Richard Wosek, like a number of Love employees, held at least nominal ownership of a truck which was "leased” to Love in return for a percentage of the truck’s revenue. Title to the truck was held in the name of Richard Wosek. The lease *709 revenue was deposited in a bank account in the name of Wosek Delivery Service. Richard Wosek and his wife, Kathleen, had filed an assumed name certificate for the name Wosek Delivery Service.

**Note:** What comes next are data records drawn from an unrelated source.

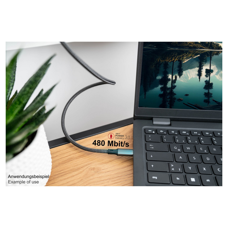 GoodConnections USB-C 2.0 (ST-ST) 2m Anschlusskabel Textilmantel 240W Anthrazit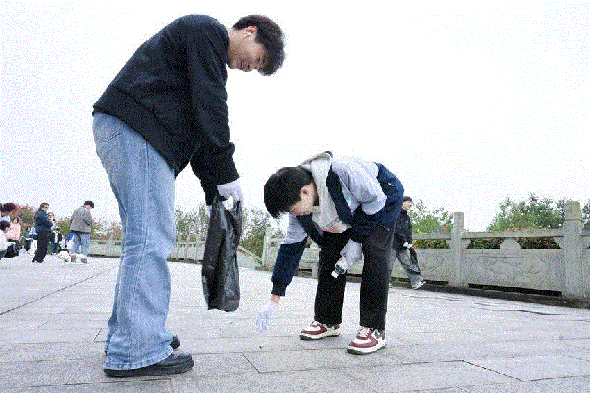 “守护生命之源,感悟家国情怀”线路前往丹江口市。学生们在丹江口大坝聆听了大坝“长高”的故事,并亲手进行水质检测小试验,了解了丹江水库建成的艰难历程与科技成就。下午,学生们在南水北调中线工程纪念园沉浸式学习移民故事,感悟“舍小家、为大家”的奉献精神。活动最后,学生们在“碧水蓝天”景区开展“清岸行动”志愿服务,并举行了“请党放心,护水有我”的青春誓言宣誓仪式。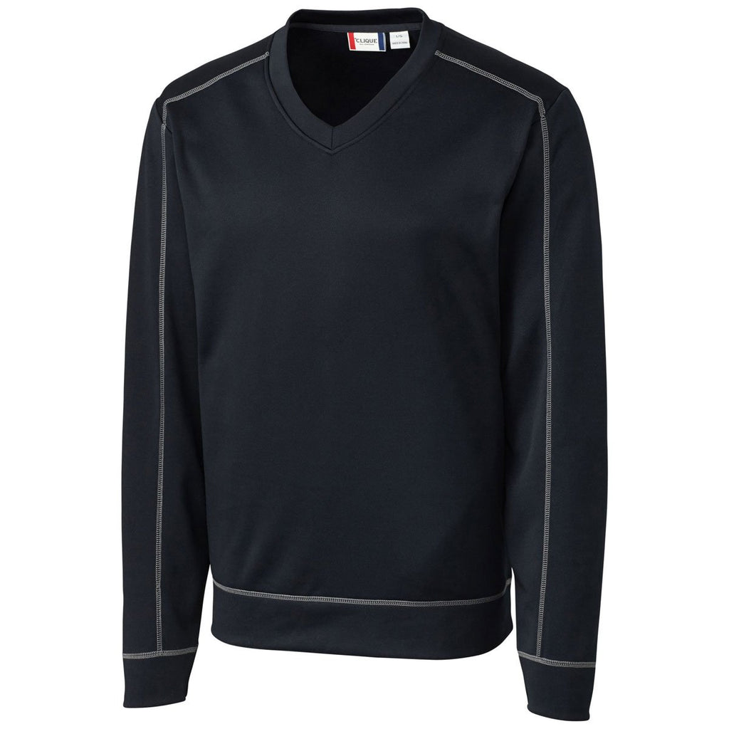 For sleek company apparel that makes the ultimate gift to hand out at corporate sponsored golf tournaments, order the logoed Clique Men's Dark Navy Helsa V-Neck. The smooth faced fleece contains 100% polyester to give you a go to jacket that delivers incredible performance for years to come. Cover stitched framed zippered pockets store electronic devices to keep you connected with professional peers. Add a custom logo on the large embroidery area for connecting with potential customers in the field. Full zip action allows you to put on or take off the jacket quickly to accommodate weather changes.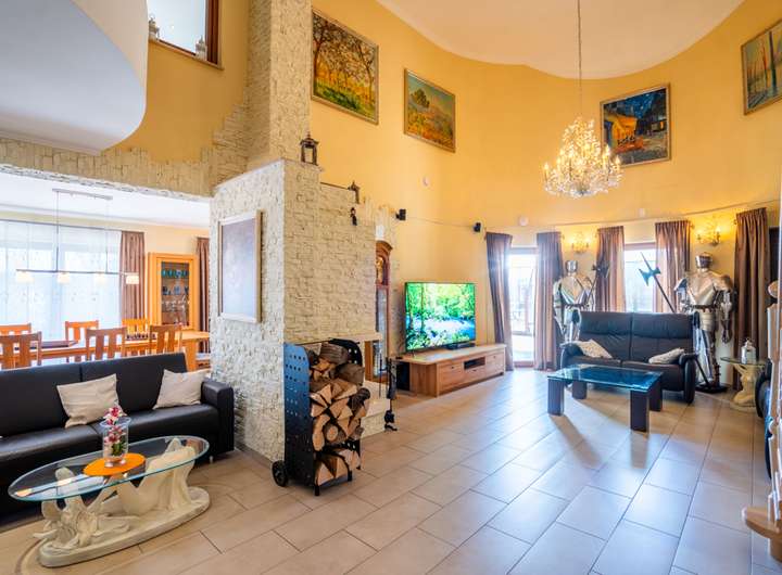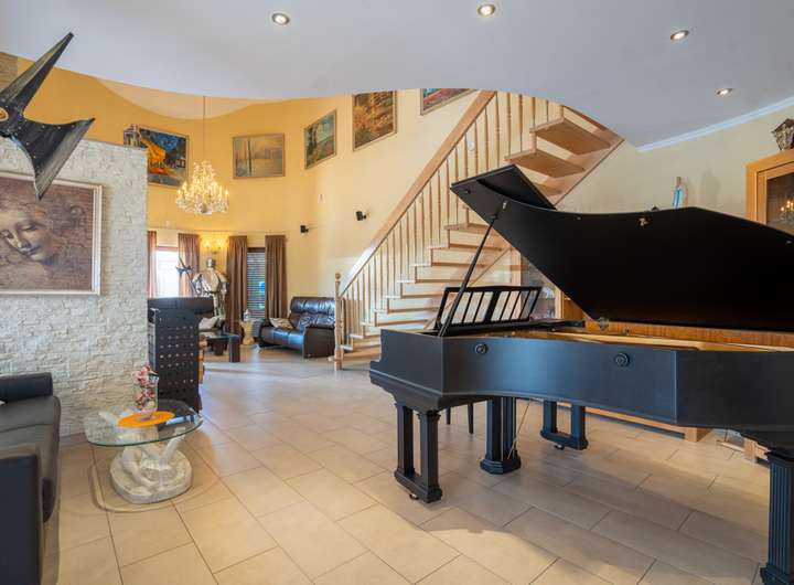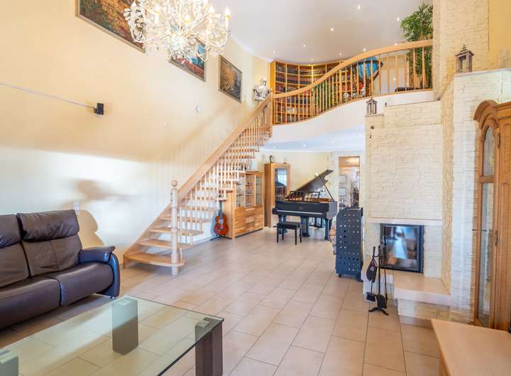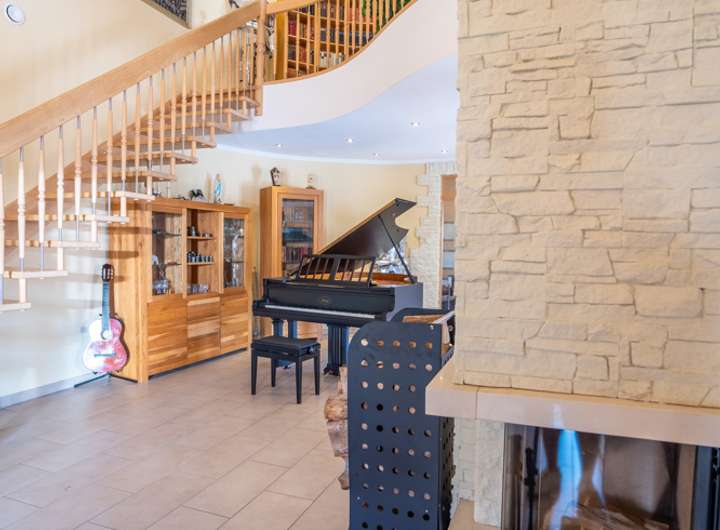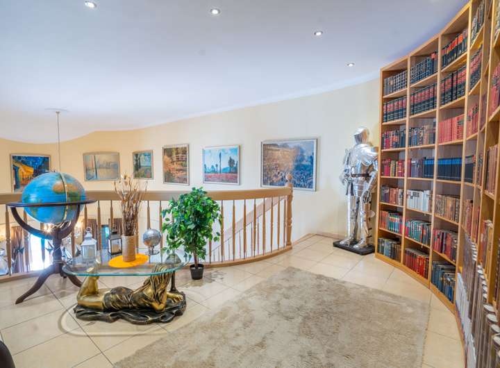 Hier verbringen Sie gemütliche Abende am Kamin, dem Piano oder der Bibliothek in der Galerie im Obergeschoss, welche einen herrlichen Blick in den Wohnbereich bietet.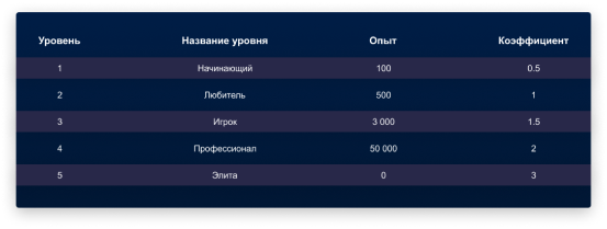 One can also view the loyalty system, find out own level on the site, correlate it with a digital indicator of experience.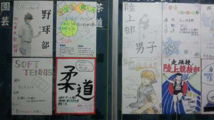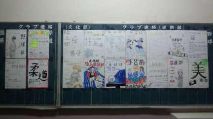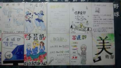 明日の6時間目に部活動編成を行います。希望の部活動に入部手続きをしてください。写真は各部活動の紹介ポスターです。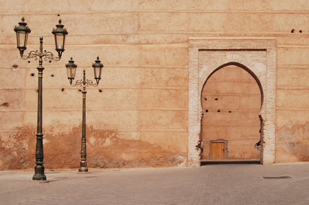 Classic architecture in medina, Marrakesh city, Morocco; streetlight and arabic arch gate

The Mathews allege that the negligence of Richard Wosek was the cause of the collision and resulting injuries. They acknowledge that under the Workmen’s Compensation Act the fellow-servant rule bars an action against Richard Wosek. 2

The Mathews seek to maintain this action against Wosek Delivery Service as an alleged partnership. They contend that the partnership was the true owner of the truck in which William Mathews was injured, and that the partnership is subject to liability under the civil liability act; 3 they also contend that the partnership is liable under principles of partnership law. The issue before this Court is whether these allegations state a claim upon which relief can be granted.

We hold that they do. Accepting, for the purposes of this appeal only, that there was indeed a partnership and that Richard Wosek negligently, while engaged in the business of the partnership, injured William Mathews, a claim has been stated against the partnership on which relief can be granted notwithstanding the personal immunity of Richard Wosek under the Workmen’s Compensation Act.

I.

Section 13 of the Uniform Partnership Act reads:

"Sec. 13. (Partnership bound by partner’s wrongful *710 act). Where, by any wrongful act or omission of any partner acting in the ordinary course of the business or the partnership, or with the authority of his copartners, loss or injury is caused to any person not being a partner in the partnership, or any penalty is incurred, the partnership is liable therefor to the same extent as the partner so acting or omitting to act.” (Emphasis supplied.) MCLA 449.13; MSA 20.13.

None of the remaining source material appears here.